5.3.      Klachtonderdelen a) en b) houden (samengevat, en gezamenlijk besproken) in dat klager verweerder verwijt dat hij de Ultracision niet goed heeft gehanteerd waardoor meerdere bloedingen zijn ontstaan en deze bloedingen vervolgens niet volgens de daartoe opgestelde protocollen heeft behandeld. Klager verwijst in dat verband naar de beeldregistratie van de operatie (gedurende de laparoscopie).

5.4.      Anders dan klager is het college van oordeel dat de beelden geen aanleiding geven voor de veronderstelling dat verweerder de Ultracision verkeerd heeft gehanteerd waardoor bloedingen zijn ontstaan. De (blote) stelling van klager, die geen deskundigenrapportages heeft overgelegd, is daartoe onvoldoende. Veeleer valt uit de beelden af te leiden dat verweerder voortvarend en kundig te werk is gegaan, en het apparaat met de nodige zorgvuldigheid op de gebruikelijke medische wijze heeft gehanteerd. Dit vindt bevestiging in de rapportage van K (dat niet tot de stukken behoort maar door klager wordt wel een samenvatting gegeven van de bevindingen van K, in een door hem gedane aangifte tegen K wegens gestelde valsheid in geschrifte).

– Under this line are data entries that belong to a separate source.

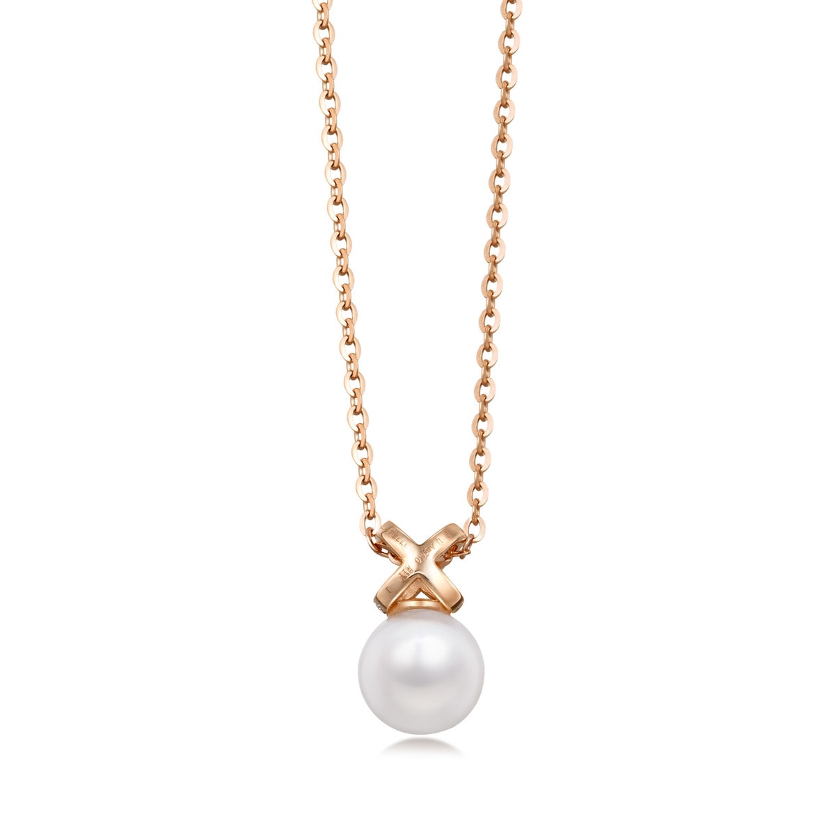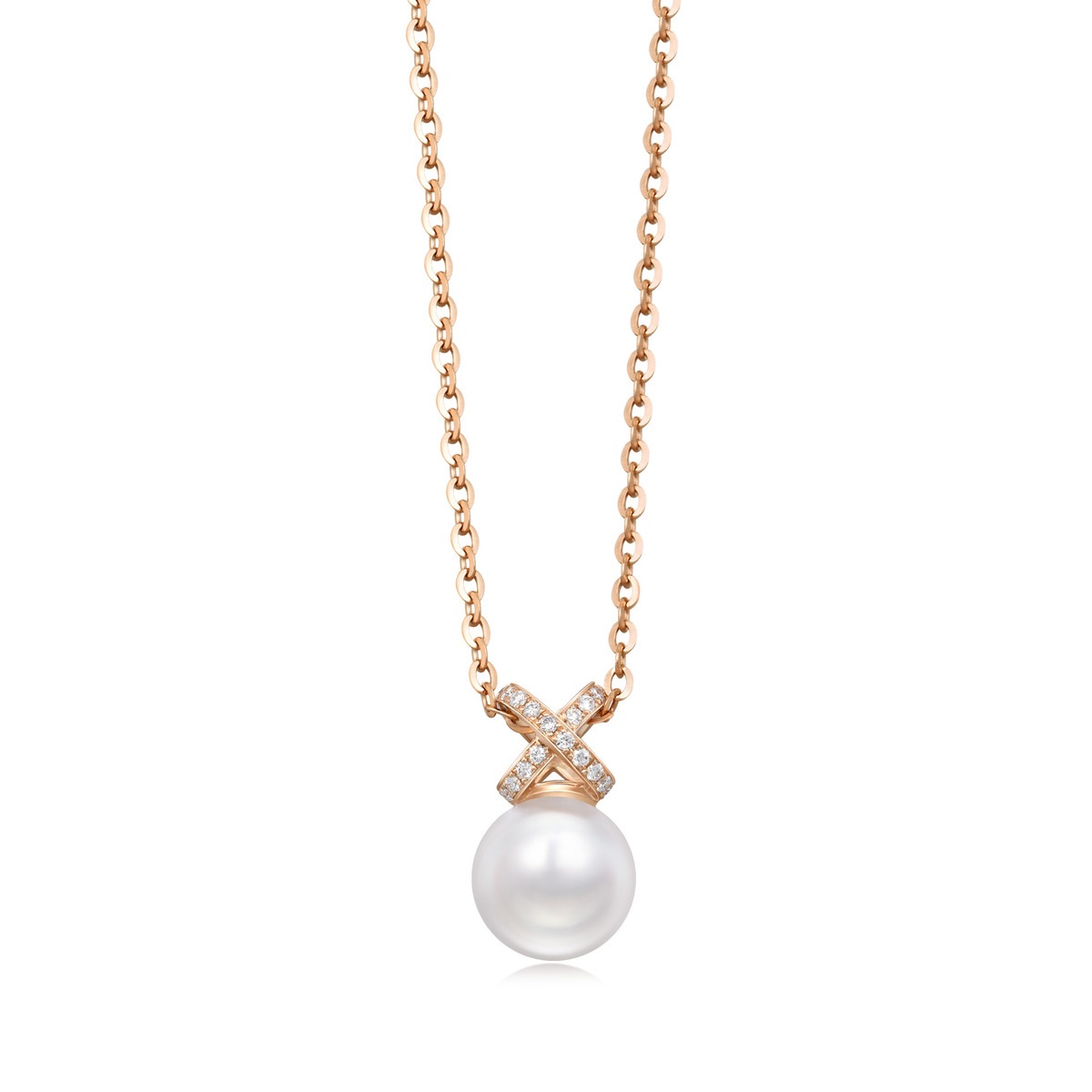 18K/750紅色黃金日本Akoya養殖珍珠吊墜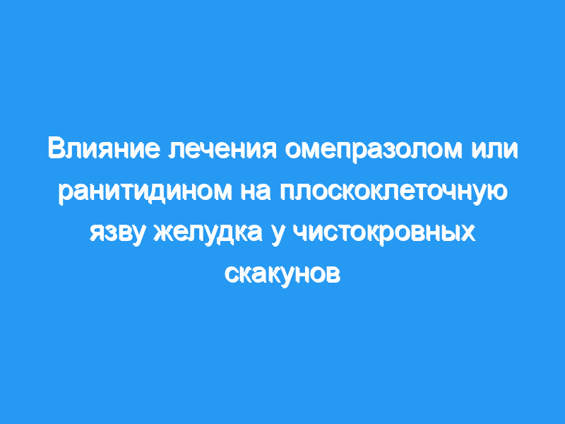 После первых 28 дней лечения уменьшение тяжести язвы было значительно больше после лечения омепразолом, чем после лечения ранитидином. Тяжесть язвы значительно уменьшилась у лошадей 3-й группы после 14 дней лечения омепразолом. Прекращение приема омепразола привело к ухудшению показателей язвенной болезни, однако показатели язвенной болезни по завершении исследования были меньше, чем на 0-й день. У лошадей, получавших омепразол после 28 дней лечения ранитидином, наблюдалось дальнейшее снижение тяжести язвы. Выводы и клиническая значимость: Омепразол был более эффективен, чем ранитидин, в лечении плоскоклеточных язв желудка у чистокровных лошадей в скаковых тренировках. Улучшение было обнаружено через 14 дней и сохранялось у большинства лошадей 2-й группы по крайней мере в течение 28 дней после прекращения лечения омепразолом.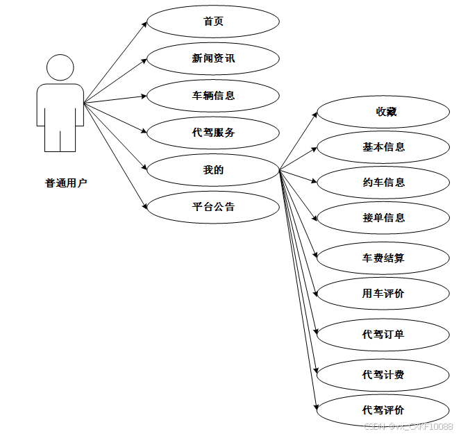 我的(个人信息管理):包括个人信息、收藏、车辆信息、约车信息、接单信息、车费结算、用车评价、代驾服务等内容。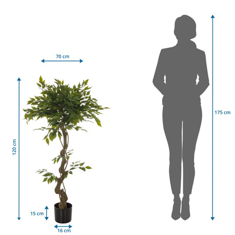 Dieser Ficus, auch bekannt als Birkenfeige oder Benjamina, ist vielseitig einsetzbar – sowohl im Innenbereich als auch im geschützten Außenbereich. Er ist eine wunderbare Alternative zu echten Pflanzen und eignet sich hervorragend für Ihr Zuhause, Büros, Gastronomien, Wartezimmer und Hotels. Mit seinem detailgetreuen Aussehen und einer hochwertigen Materialkombination aus Kunststoff und Kunstseide ist diese Kunstpflanze nahezu geruchsneutral und somit auch für Allergiker bestens geeignet. Dank des integrierten Eisendrahts lassen sich die Blätter und Stiele ganz nach Ihren Wünschen in Form biegen.
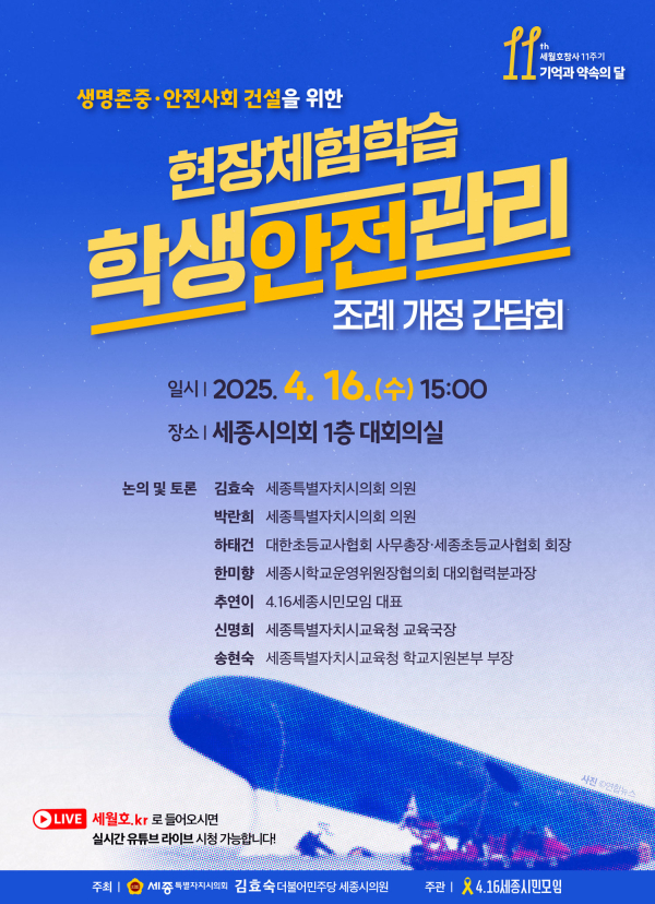 [충청뉴스 최형순 기자] 김효숙 세종시의원(더불어민주당)은 세월호참사 11주기를 맞아 16일 오후 3시, 세종시의회 1층 대회의실에서 '현장체험학습 학생안전관리지원조례' 개정을 위한 간담회를 개최한다.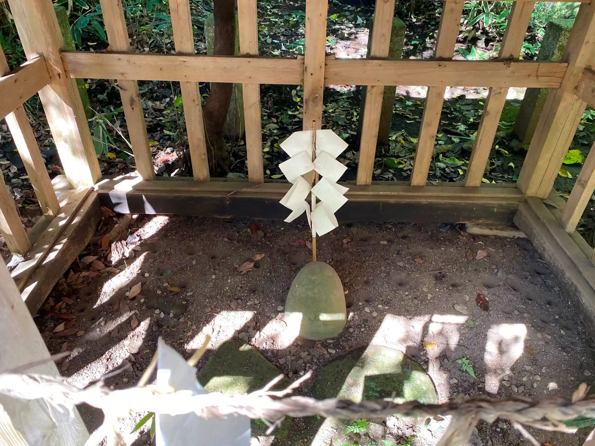 社殿の左側にある<要石(かなめいし)>。当社は鹿島神宮の戌亥(北西)の方角にある鎮守の社とされ、鹿島神宮の凹型の要石が鯰の頭を押さえ、当社の凸型の要石が鯰の尾を押さえていると伝わる。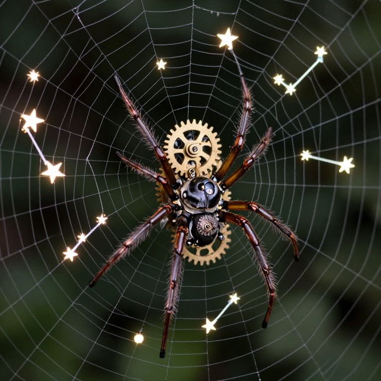 A clockwork spider weaves constellations into its web, each star blinking out like whispers of time, as the rhythmic hum of its gears echoes the eternal dance between creation and decay.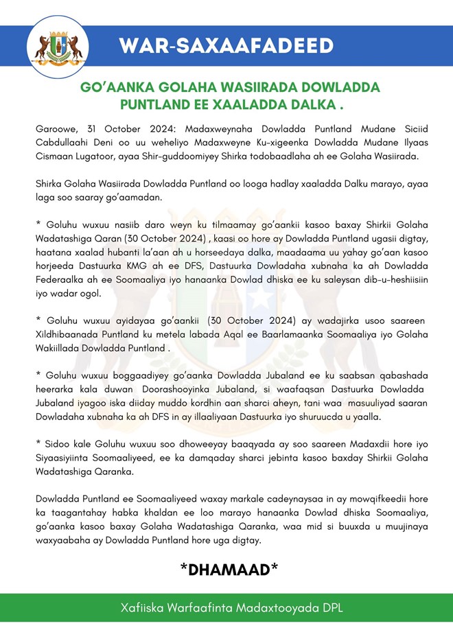 Khamiis, October, 31, 2024 (HOL) - Puntland ayaa sheegtay inay aad uga xun tahay go’aankii kasoo baxay shirkii Golaha Wadatashiga Qaran, iyadoo sheegtay in sii kordhinayso hubanti la’aanta ka jirta dalka, isla markaana uu ka hor imanayo dastuurka ku meel gaarka ah ee dawladda Faderaalka iyo dastuurka dawladdaha xubnaha ka ah.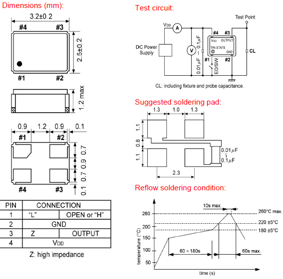 | stand by current max.* | 50 µA (Pin #1=VIL) |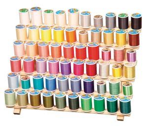 June Tailor wooden spool racks are made of fine hardwood. Holds 60 spools. Flip-out leg for tabletop use or can be hung on the wall.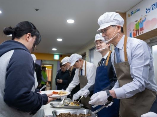 인더뉴스 문승현 기자ㅣNH농협은행(은행장 강태영)은 23일 서대문 구세군 서울후생원에서 시설 거주 아동·청소년의 건강한 성장을 돕기 위해 3억원 상당의 국내산 김치를 전달했다. 이날 행사에는 강태영 농협은행장, 김동아 국회의원(서대문갑), 김병윤 구세군 사령관, 임세빈 농협은행 수석부행장, 변성환 농협은행 서울본부장이 함께 급식배식봉사에도 참여했다.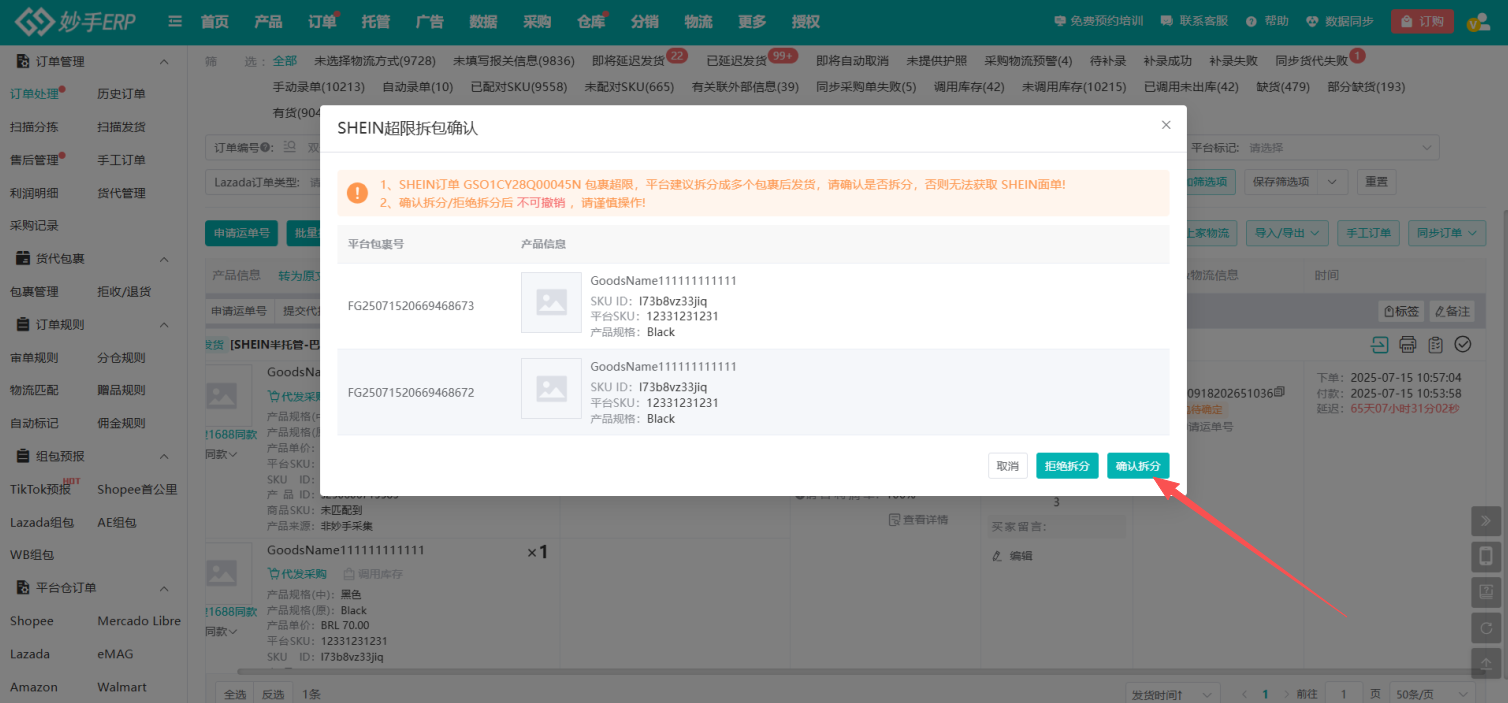 4、点击超限拆包后,会显示“SHEIN超限拆包确认”的弹窗,点击【确认拆分】,订单即可被拆分成多个订单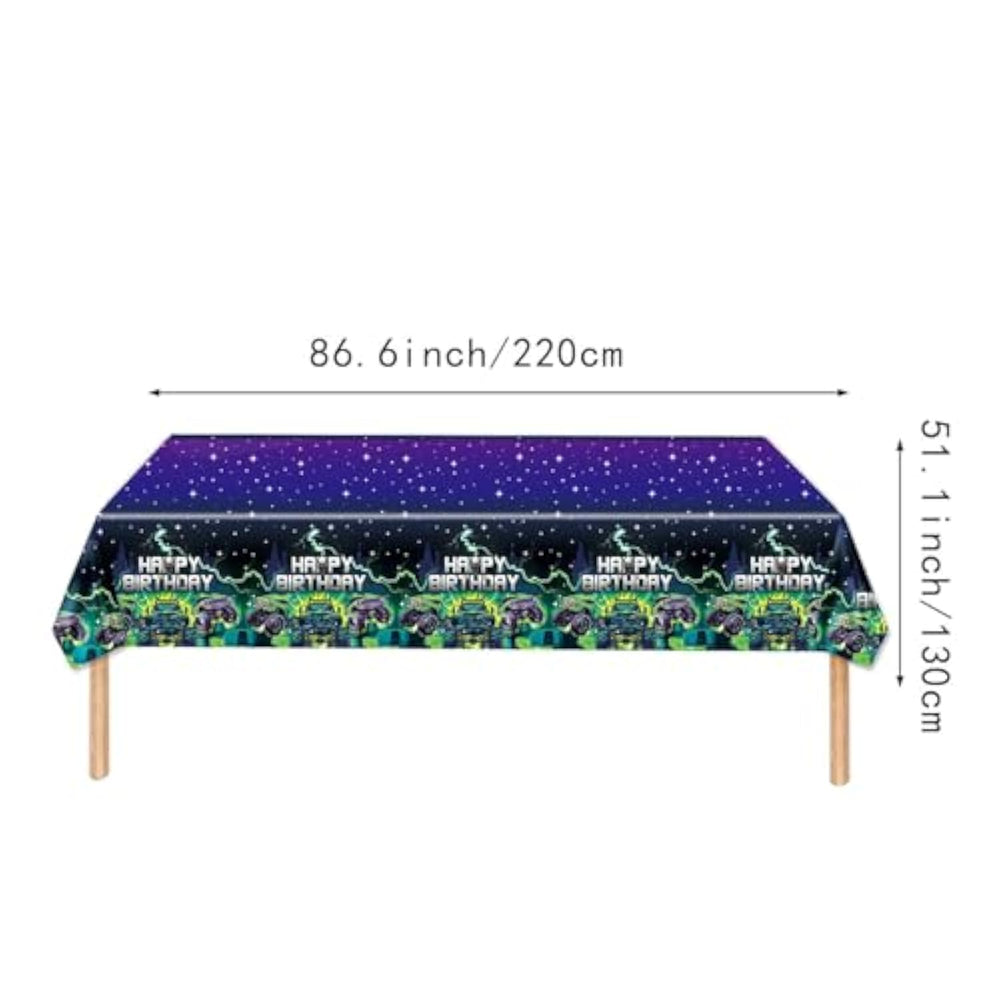 | ???Products Include :? 1 Monster Truck Background, 2 Banners (10 Pennants)?30 5-Inch Balloons (10 Black, 10 Purple, 10 Green), 35 10-Inch Balloons (10 Black, 10 Purple, 10 Green?5 Silver) ? 30 12-Inch Balloons (10 Black, 10 Purple, 10 Green) ?3 18-Inch Balloons (2 Black, 1 Green), 1 Monster Truck Tablecloth, 10 9-Inch Plates, 10 7-Inch Plates,20 Napkins ? 10 Forks , 1 Happy Birthday Cake Toppers, 12 Monster Truck Cupcake Toppers?2 Black And White Checkered Balloons, 2 Tire Balloons?1 Balloon Chain ?1 Roll Of Glue?1 Knotter?1 Straw | | ???About After-Sales:?If You Receive The Goods, If The Packaging Is Damaged Or The Product Is Missing, Please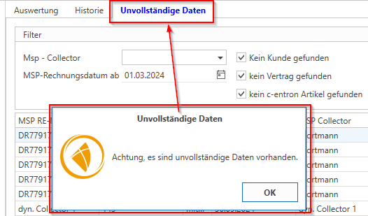 In addition, you can activate the setting "Display a message if data is incomplete." This causes a pop-up to appear when you "Reload" the evaluation if there is data in one of the imports that has not yet been completely recorded, e.g., some customer or article data from the import has not yet been assigned to the corresponding c-entron customer or article. Or the assigned article could not be found in any contract of the assigned customer. This serves as a check to ensure that no data is "lost" or cannot be evaluated.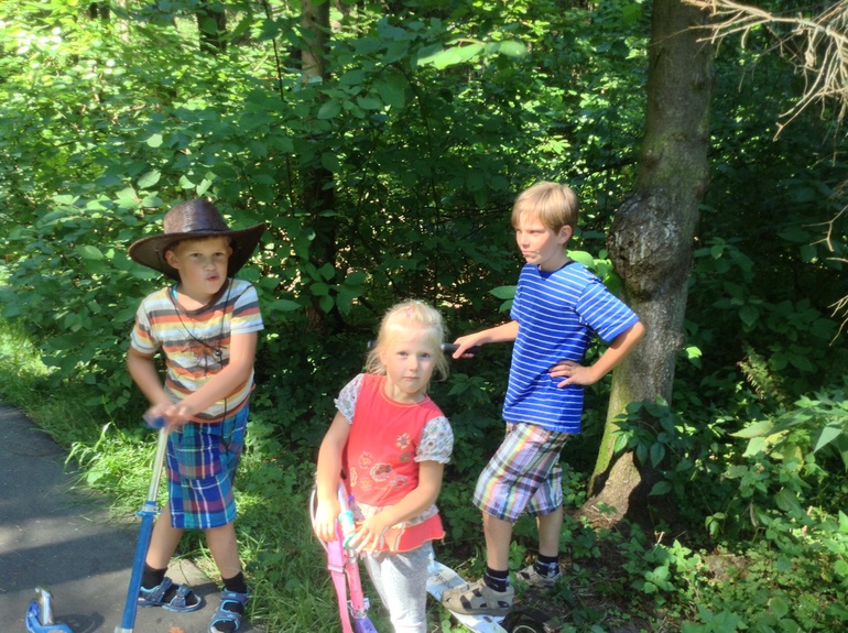 Один день из жизни многомамы (юмор, рассказы)Хотели мы сегодня поехать в Кремль, но не сложилось. Погода отличная, не жарко, дома сидеть неохота, и мы решили организовать одно давно намеченное мероприятие, а именно - поиски сокровищ. На местном форуме одна замечательная мамочка придумала игру: она спрятала в лесопарке клад со всякими драгоценностями: маленькими игрушками, цветными камешками, ручками-блокнотиками и так далее. Сочинила целую сказку с подробными инструкциями как этот клад найти, и выложила на форуме, предложив остальным мамам поучаствовать. Важно было, найдя клад оставить там что-то свое взамен, к нему прилагался блокнотик с ручкой, чтобы записать, что ты взял и что положил. Моим это конечно безумно понравилось, они послушали сказку, и мы отправились в путь. По дороге заехали, купили сокровищ на обмен. С поиском были сложности, один раз мы сбились с маршрута, пришлось вернуться немножко назад и пройти часть заново, потом заключительный этап - тропинка, которая должна была вывести нас к кладу, сильно заросла крапивой, и дети в шортах и футболках не смогли по ней идти. Нам пришлось искать обходной путь, и вот ура, мы у цели, нашли 2 искомых пня под одним из которых должно быть сокровище. Но увы! Нас кто-то опередил, и вопреки правилам, забрал все и ничего не оставил взамен(((. Конечно дети расстроились, но у них были утешительные призы в виде тех подарочков, которые мы купили на обмен. Я выдвинула версию, что должно быть, клад нашел колдун (у которого по сюжету сказки клад и был изъят), это вызвало большое оживление, Леша вспомнил, что когда мы обыскивали пень, кусты рядом подозрительно шевелились, не иначе там и прятался гнусный колдун. Дальше они катались на самокатах и высматривали в лесу колдуна). Вот не смотря на неудачу, все-равно отлично провели время. Я, прожив пол-жизни в Зеленограде, не знала, что у нас есть такой шикарный лесопарк, реально там ни разу не была. Гуляли в общей сложности часа 3, дети носились на самокатах и не устали. Мы с мужем решили заделать подобный тайник поближе к дому, а я позвонила девочке-организатору, расстроила ее конечно(. Что ж делать, мир не без уродов, но до нас довольно много семей успели поиграть в поиски сокровищ.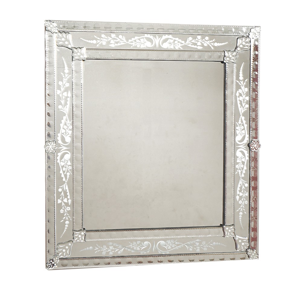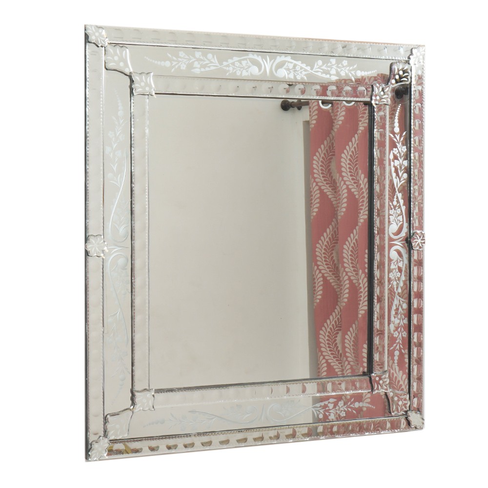 The square mirror shape reveals a contemporary design feel without losing the classic elegance. The outer frame is made from a beautiful separate mirror layer with exquisite flower and scroll engravings, each hand cut and individually assembled. This frame has a large central square mirror that adds depth and interest to any large room.
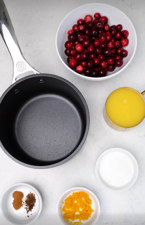In a saucepan, combine all ingredients and simmer over medium heat for 14-15 minutes or until cranberries burst. Reserve some whole cooked cranberries for garnish. Press mixture through a sieve for smooth coulis.

5.5.      Anders dan klager stelt, valt uit de beelden ook niet op te maken dat er meerdere, al dan niet slagaderlijke bloedingen zijn opgetreden. Wat daar verder van zij, het college acht vooral van belang dat de bloeding door verweerder slagvaardig en bekwaam tot staan is gebracht en binnen de daarvoor in redelijkheid te nemen termijn. Dat valt op te maken uit het anesthesieverslag, waaruit blijkt dat de vitale functies geen moment in het gedrang zijn gekomen. Ook is direct na de operatie op de Medium Care de bloeddruk stabiel, zijn er geen bloedtransfusies meer nodig en stijgt het Hb-gehalte adequaat.

Het verwijt dat klager maakt, dat verweerder de van toepassing zijnde protocollen heeft genegeerd, treft geen doel. In de ‘Richtlijn Bloedtransfusie’ 2011 (pagina 194 en verder) is opgenomen dat (in de kern genomen) het beleid is de bloeding stoppen, en er zijn geen aanwijzingen dat door verweerder daarvan bij de operatie is afgeweken.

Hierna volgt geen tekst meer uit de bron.